1973 Volume 21 Issue 3 Pages 503-510
A method for microdetermination of cortisol and corticosterone in blood by the isotope derivative dilution analysis was established by the use of thiosemicarbazide-35S as the labeled reagent and 3H-labeled corticosteroid for correcting the loss during extraction and separation procedures.
Cortisol and corticosterone are reacted with thiosemicarbazide-35S in acetic acidmethanol at 65° for 90min, and the thiosemicarbazones-35S formed are extracted with dichloroethane. After addition of the carrier to the extract, it is submitted to repeated thin-layer chromatography at a low temperature of 10°, using solvent systems of chloroform-ethanol (9:1, v/v) and benzene-acetone (1:1), by which corticosteroids are separated from each other and from substances present in blood. The amount of isolated cortisol and corticosterone thiosemicarbazones are estimated from the radioactivity of 3H and 35S.

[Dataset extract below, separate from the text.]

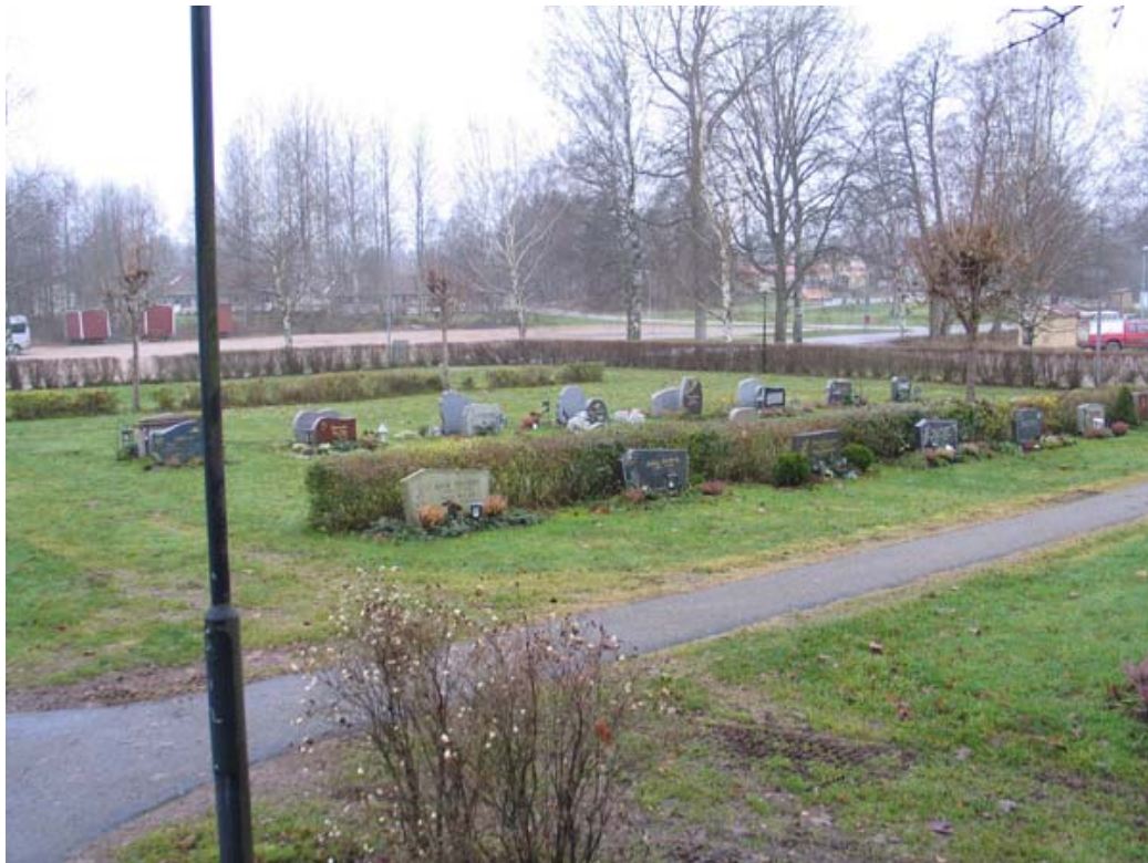
Översikt över Nya kyrkogården mot nordväst. (KI Gullabo kyrkog 076)

Områdes struktur liksom gravvårdarnas utseende är tidstypiska för slutet av 1900-talet. En utveckling mot mer individualiserad syn på gravvårdarnas utformning kan skönjas, vilket är typiskt för 1900-talets slut. Minneslunden är ett tillägg som är typiskt slutet av 1900-talet.

According to this method, the values of cortisol and corticosterone are in the range of 0.001-10.0μg, recovery rate is ca.100%, and relative standard deviation is 1.0-6.7%. The determination can be made with good accuracy and precision. Comparative examination of the same sample by this method and by fluorometry gave a slightly higher values from this method, and the relative standard deviation showed a large dispersion of 6.0-18.0%. However, the analytical precision and sensitivity of this method are better than fluorometry. Determination of 0.1-5.0ml of sample plasma by this method showed. relative standard deviation of 0.8-3.4%, with small dispersion, and accuracy of determination was found to be satisfactory.